Researchers have identified a protein called CPEB4 that seems to be crucial in establishing melanoma’s intrinsic signature and in driving the development of these aggressive tumors.
The study, “Lineage-specific roles of the cytoplasmic polyadenylation factor CPEB4 in the regulation of melanoma drivers,” published in Nature Communications, suggests that CPEB4 may be a promising therapeutic target for melanoma patients.
“In previous studies, we have demonstrated that melanomas are very different from other types of tumors in that they activate mechanisms of self-degradation (autophagy), or control the internalization and secretion of molecules, for example,” Marisol Soengas, senior author of the paper and an expert in the field of melanoma identity, said in a press release.

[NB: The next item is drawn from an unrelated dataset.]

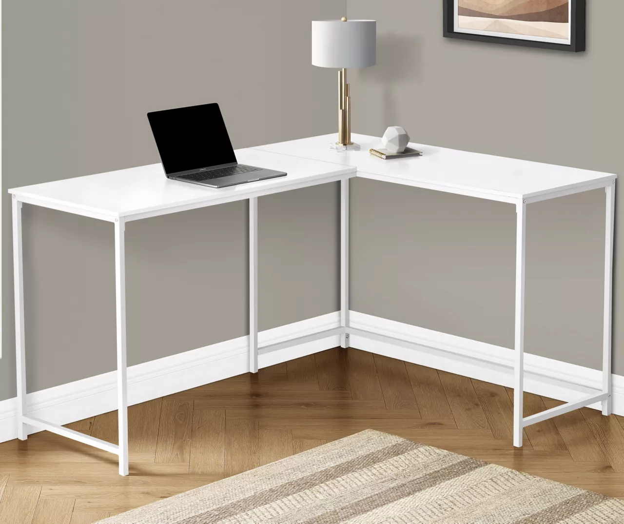 Delivering the best of both worlds, this L-shaped computer desk is both spacious and compact while accommodating everything you need for productivity. With its L shape, this desk won’t take up too much space when placed in a corner but is finished on all sides so you can position it however you choose in a home office. Both the desktop panels have a white finish and the black metal base is slender yet sturdy, giving this desk a modern simplicity that coordinates with most décors.

However, understanding which mechanisms drive the particular aggressive behavior of melanomas has been hindered by the high mutation rate found in these tumors. Now, the researchers have found that CPEB4 plays a critical role in establishing melanoma’s characteristic behavior.
The CPEB family of proteins is known to regulate gene expression by participating in the process of mRNA stabilization in the nucleus. Consistently, these proteins are associated with a multitude of cellular processes, including cell proliferation, differentiation, polarity, and motility.
The expression of CPEBs in cancer is highly variable, with pro- and anti-tumorigenic roles reported depending on the system, most likely because these proteins can both stabilize and destabilize mRNA molecules. CPEB4 caught the attention of researchers because of its overexpression in gliomas and pancreatic cancers, which are also aggressive cancers.
After performing computer and histological analysis, the researchers found that CPEB4 was increased early in melanoma progression, suggesting that this protein could be involved in cell proliferation.
Their results then revealed that melanoma is dependent on CPEB4 in a manner not shared by other tumors. In melanoma, CPEB4 was found to control lineage-specificity through two distinct mechanisms: activation of genes that are unique to this tumor type and distinct regulation of factors that are also common to other cancers.
Indeed, CPEB4 was able to modulate the expression of MITF and RAB27A, which are both essential drivers of this tumor type, and to enrich the expression of key tumor-promoting signaling pathways.
This data provides new insight on the mechanisms underlying melanoma progression, suggesting that CPEB4 is a main driver of the melanoma-specific signature, and that CPEB4-controlled pathways could represent a melanoma vulnerability that could be exploited therapeutically.